— DIRECTIONS FOR THIS TASK —
Please retype the data below exactly, stopping after the line with "Pull the latch" and skipping every picture.

— DATA SEGMENT —
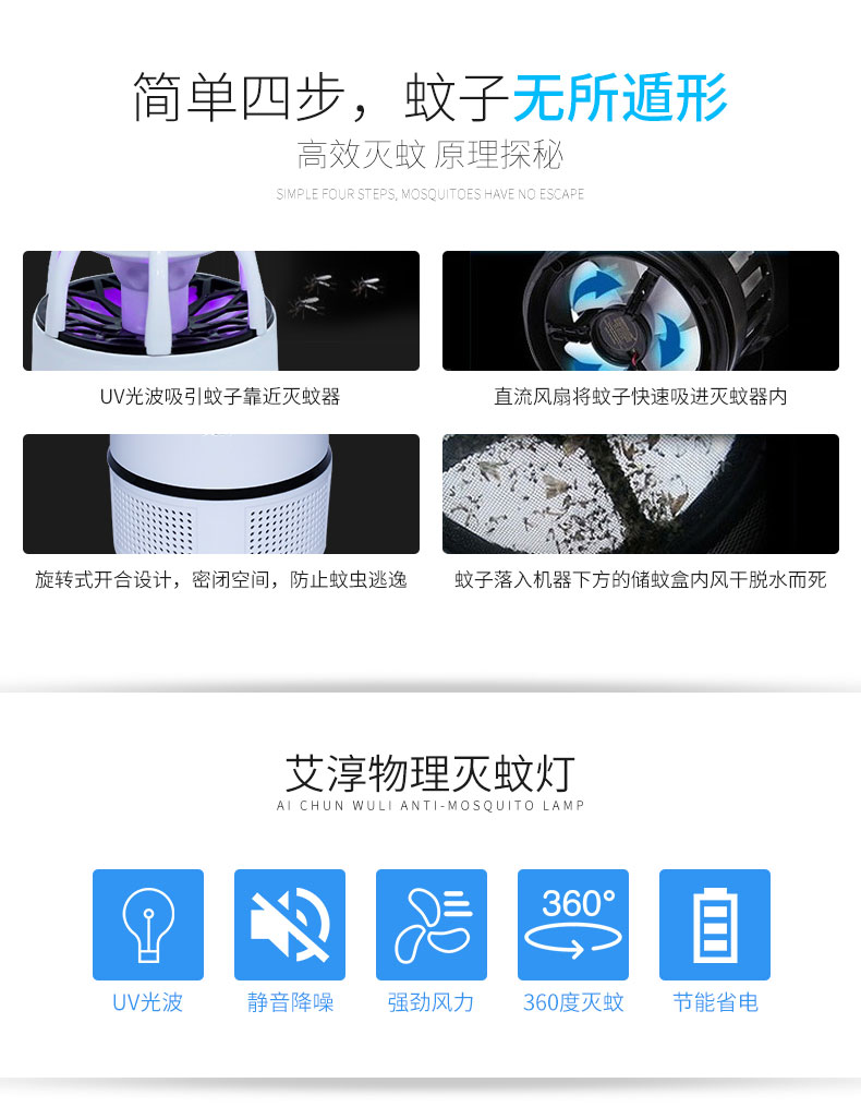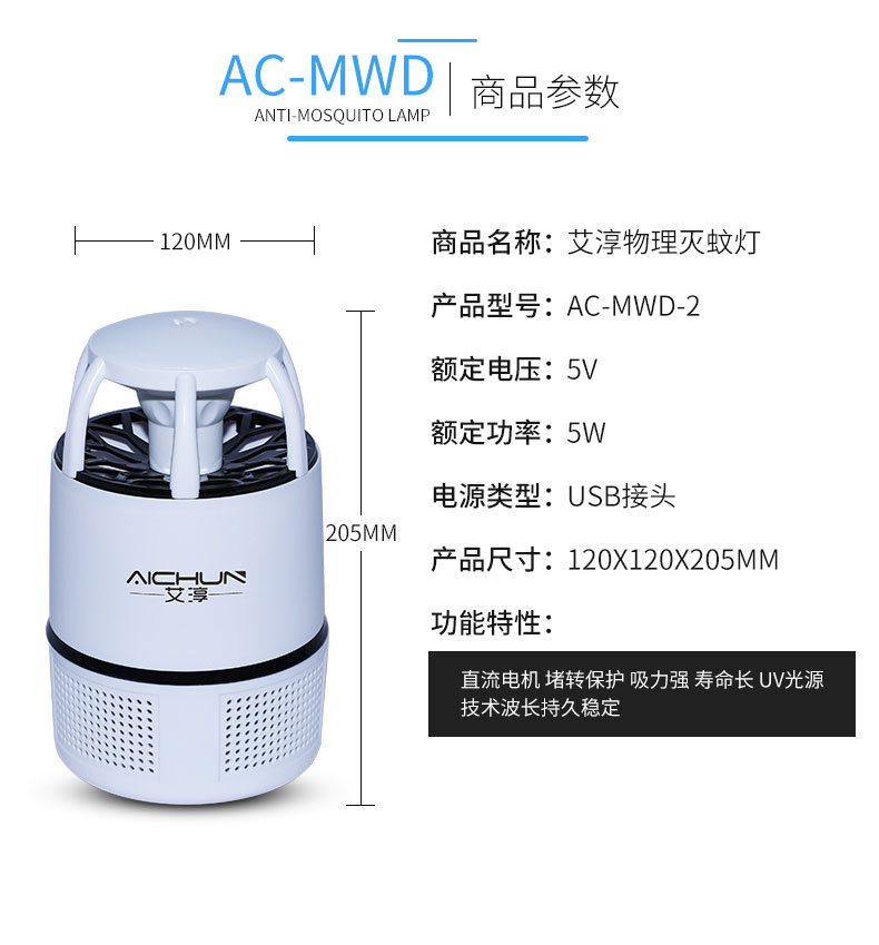 艾淳 (AICHUN)灭蚊灯usb光触媒灭蚊灯家用灭蝇驱蚊器灭蚊器吸入式捕蚊灯AC-MED-2
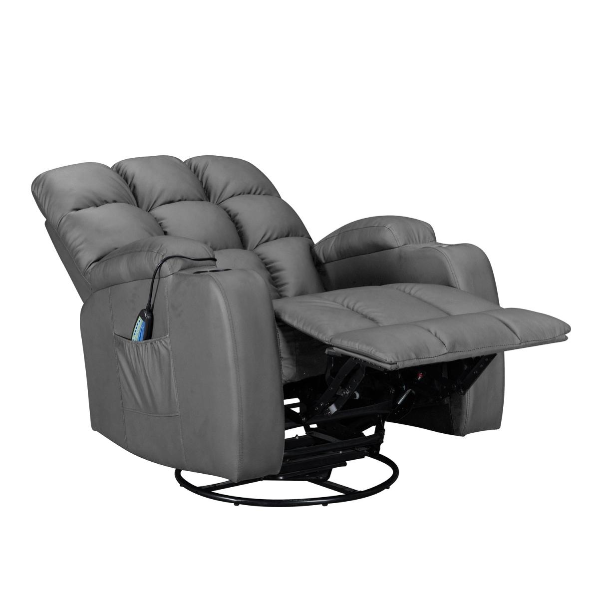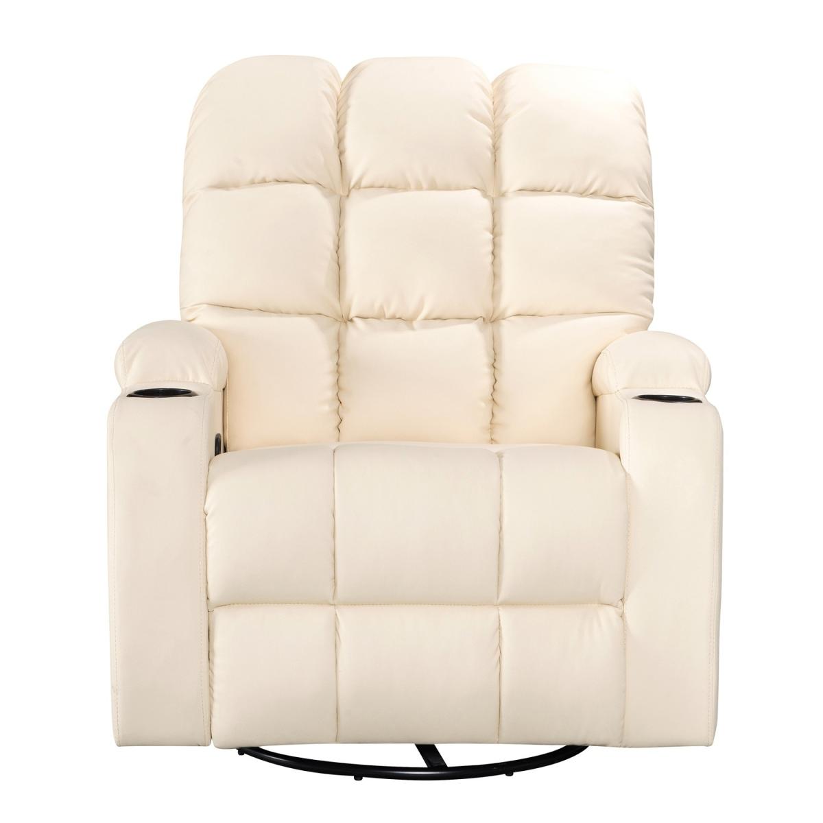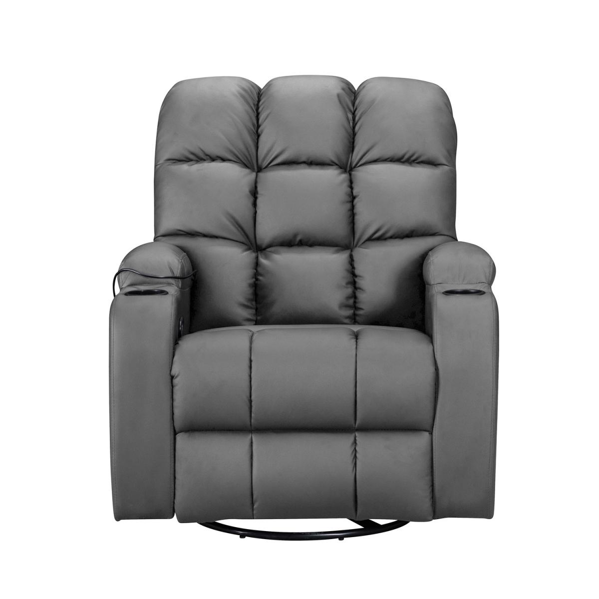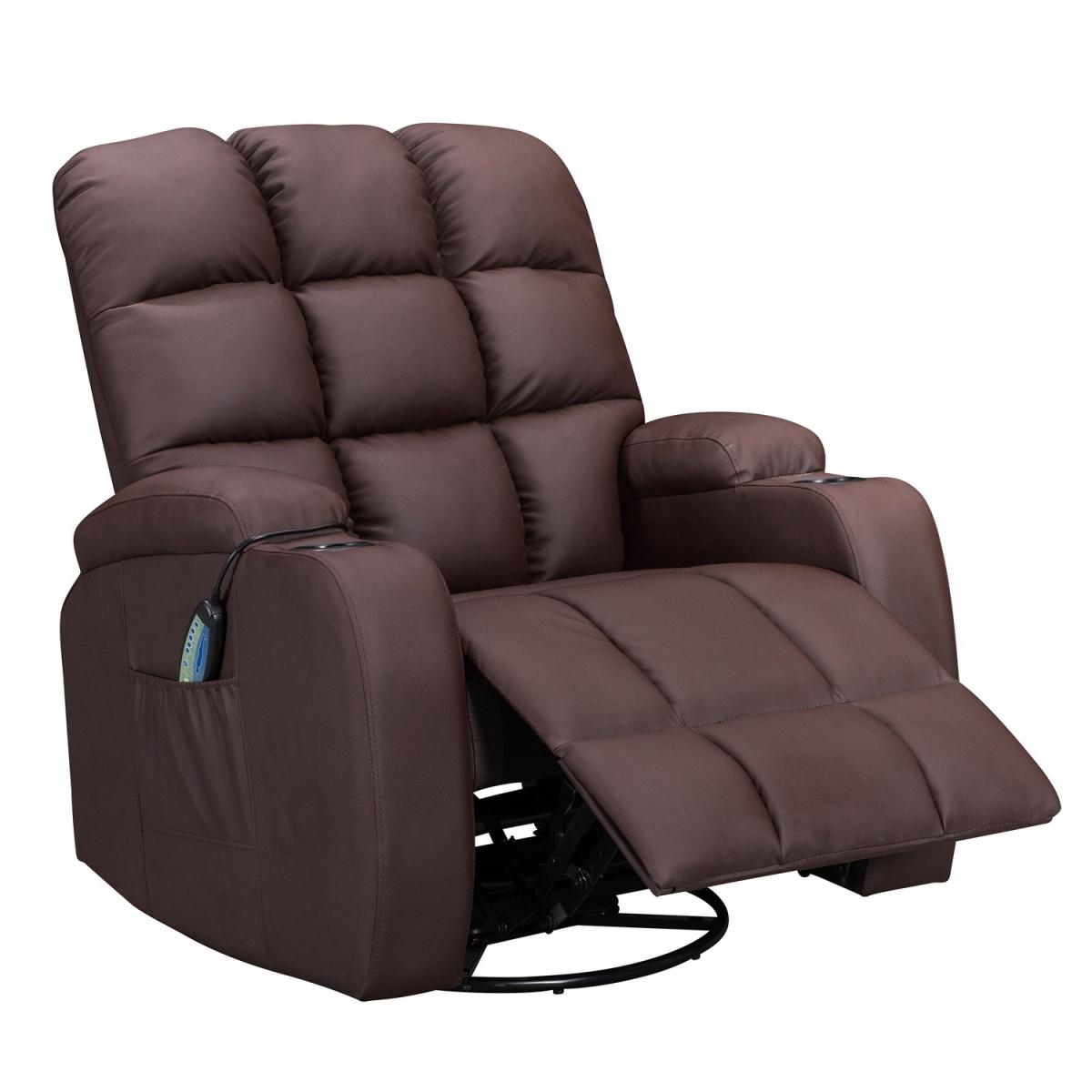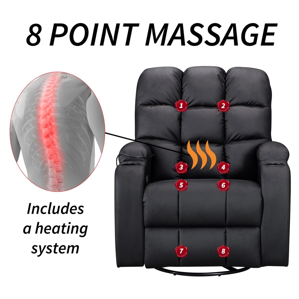 Pull the latch mechanism on the side turn the chair into a recliner and then you can apply the massage and heat just for relaxing or easing aches and pains and helping circulation. Additional functions are a 360-degree swivel and a backwards and forwards rocking action. Just for fun, the chair is fitted with a cup/bottle holder in each arm. Two side pockets have been added for storage (Remote control or magazines). 10 in 1 features: recliner, swing function, 8 point massage, padded armrest, 360-degree swivel, high back, 2 drink holder, padded headrest, 2 side storage pockets, heat function.
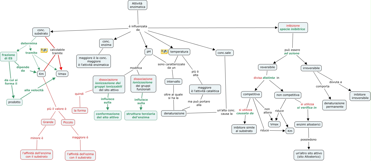Questa Cmap, creata con IHMC CmapTools, contiene informazioni relative a: domanda 8 modulo Enzimi 2, Piccolo maggiore è l'affinità dell'ezima con il substrato, pH modifica dissociazione ionizzazione dei gruppi ionizzabili del sito attivo, conc. substrato determina tramite Km, conc. substrato calcolabile tramite Km, non competitiva si utilizza si verifica in enzimi allosterici, pH sono caratterizzate da un intervallo, competitiva riduce Km, conc. substrato determina tramite Vmax, reversibile divisa distinta in non competitiva, competitiva non altera Vmax, inibizione specie inibitrice può essere ad azione reversibile, Km più il valore è Piccolo, dissociazione ionizzazione dei gruppi funzionali influisce sulla struttura terziaria del'enzima, inibizione specie inibitrice può essere ad azione irreversibile, irreversibile dovuta a inibitore irreversibile, dissociazione ionizzazione dei gruppi ionizzabili del sito attivo influisce sulla conformazione del sito attivo, temperatura più è alta maggiore è l'attività catalitica, pH modifica dissociazione ionizzazione dei gruppi funzionali, frazione di ES dipende da Km, prodotto alla velocità Vmax
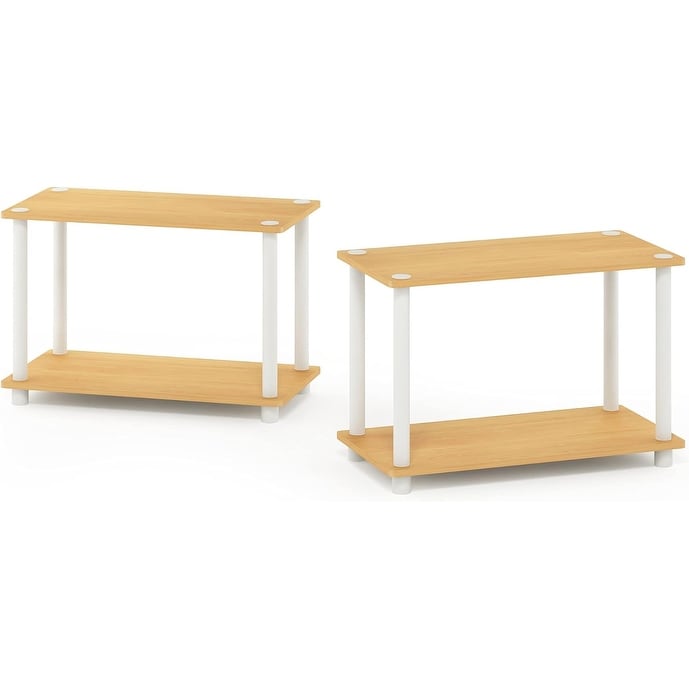 Simple 2-Tier Wood and PVC Tube Shelves/End Tables Set

— TASK RESPONSE —
 艾淳 (AICHUN)灭蚊灯usb光触媒灭蚊灯家用灭蝇驱蚊器灭蚊器吸入式捕蚊灯AC-MED-2
 Pull the latch mechanism on the side turn the chair into a recliner and then you can apply the massage and heat just for relaxing or easing aches and pains and helping circulation. Additional functions are a 360-degree swivel and a backwards and forwards rocking action. Just for fun, the chair is fitted with a cup/bottle holder in each arm. Two side pockets have been added for storage (Remote control or magazines). 10 in 1 features: recliner, swing function, 8 point massage, padded armrest, 360-degree swivel, high back, 2 drink holder, padded headrest, 2 side storage pockets, heat function.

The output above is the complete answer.